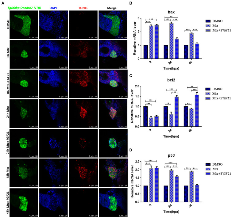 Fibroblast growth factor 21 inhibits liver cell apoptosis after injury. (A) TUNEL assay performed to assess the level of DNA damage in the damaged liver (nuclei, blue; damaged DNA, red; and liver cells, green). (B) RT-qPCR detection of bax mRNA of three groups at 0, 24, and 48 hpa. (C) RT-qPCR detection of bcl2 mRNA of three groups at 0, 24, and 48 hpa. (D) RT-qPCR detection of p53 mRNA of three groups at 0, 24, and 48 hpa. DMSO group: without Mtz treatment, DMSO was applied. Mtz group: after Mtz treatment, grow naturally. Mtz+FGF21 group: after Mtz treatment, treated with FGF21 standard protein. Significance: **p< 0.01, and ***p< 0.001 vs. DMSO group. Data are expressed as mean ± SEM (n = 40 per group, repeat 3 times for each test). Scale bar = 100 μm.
--
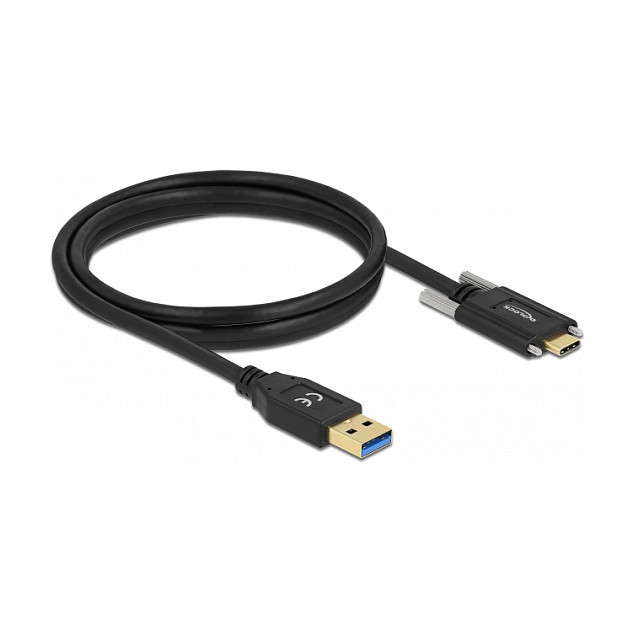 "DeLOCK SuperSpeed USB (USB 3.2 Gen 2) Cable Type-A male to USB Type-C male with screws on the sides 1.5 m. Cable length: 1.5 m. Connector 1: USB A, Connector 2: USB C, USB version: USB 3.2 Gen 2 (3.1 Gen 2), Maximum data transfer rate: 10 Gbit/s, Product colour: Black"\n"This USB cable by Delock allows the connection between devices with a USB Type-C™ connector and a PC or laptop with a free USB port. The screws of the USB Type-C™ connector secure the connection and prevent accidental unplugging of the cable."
* * *
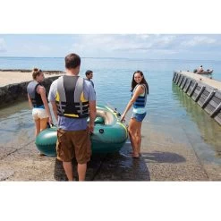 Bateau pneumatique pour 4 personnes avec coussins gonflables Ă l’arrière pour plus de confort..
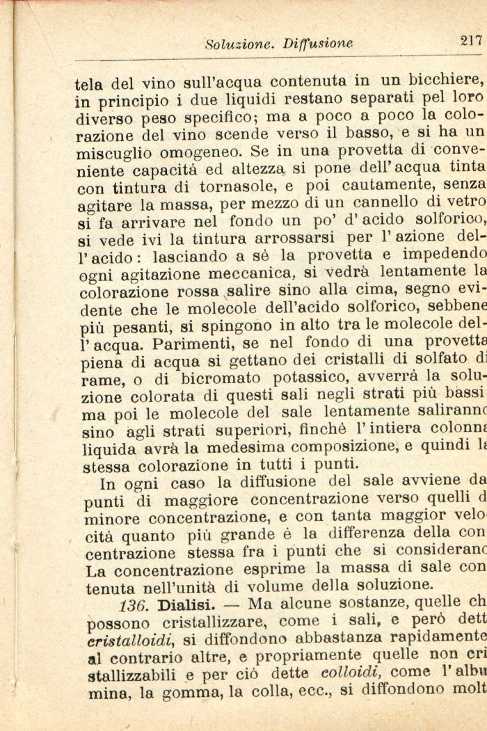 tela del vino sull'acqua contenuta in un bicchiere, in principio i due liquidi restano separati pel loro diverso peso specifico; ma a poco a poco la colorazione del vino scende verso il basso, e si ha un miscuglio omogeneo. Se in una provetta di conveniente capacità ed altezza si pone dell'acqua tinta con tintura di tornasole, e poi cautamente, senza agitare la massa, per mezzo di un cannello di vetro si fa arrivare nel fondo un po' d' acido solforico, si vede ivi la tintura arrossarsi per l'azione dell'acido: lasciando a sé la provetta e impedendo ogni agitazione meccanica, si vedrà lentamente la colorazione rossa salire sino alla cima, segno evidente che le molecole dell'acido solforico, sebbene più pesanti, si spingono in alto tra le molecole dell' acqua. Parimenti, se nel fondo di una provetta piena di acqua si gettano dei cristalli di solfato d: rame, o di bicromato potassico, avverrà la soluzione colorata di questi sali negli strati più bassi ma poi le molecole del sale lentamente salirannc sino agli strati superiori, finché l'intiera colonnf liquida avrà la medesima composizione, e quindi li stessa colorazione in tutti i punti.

Exercise aim: Pictures are to be left out. Write out only the lines above starting at the one with "Bateau pneumatique pour" and ending at the one with "tela del vino", both lines included, exactly.

Problem solution:
 Bateau pneumatique pour 4 personnes avec coussins gonflables Ă l’arrière pour plus de confort..
 tela del vino sull'acqua contenuta in un bicchiere, in principio i due liquidi restano separati pel loro diverso peso specifico; ma a poco a poco la colorazione del vino scende verso il basso, e si ha un miscuglio omogeneo. Se in una provetta di conveniente capacità ed altezza si pone dell'acqua tinta con tintura di tornasole, e poi cautamente, senza agitare la massa, per mezzo di un cannello di vetro si fa arrivare nel fondo un po' d' acido solforico, si vede ivi la tintura arrossarsi per l'azione dell'acido: lasciando a sé la provetta e impedendo ogni agitazione meccanica, si vedrà lentamente la colorazione rossa salire sino alla cima, segno evidente che le molecole dell'acido solforico, sebbene più pesanti, si spingono in alto tra le molecole dell' acqua. Parimenti, se nel fondo di una provetta piena di acqua si gettano dei cristalli di solfato d: rame, o di bicromato potassico, avverrà la soluzione colorata di questi sali negli strati più bassi ma poi le molecole del sale lentamente salirannc sino agli strati superiori, finché l'intiera colonnf liquida avrà la medesima composizione, e quindi li stessa colorazione in tutti i punti.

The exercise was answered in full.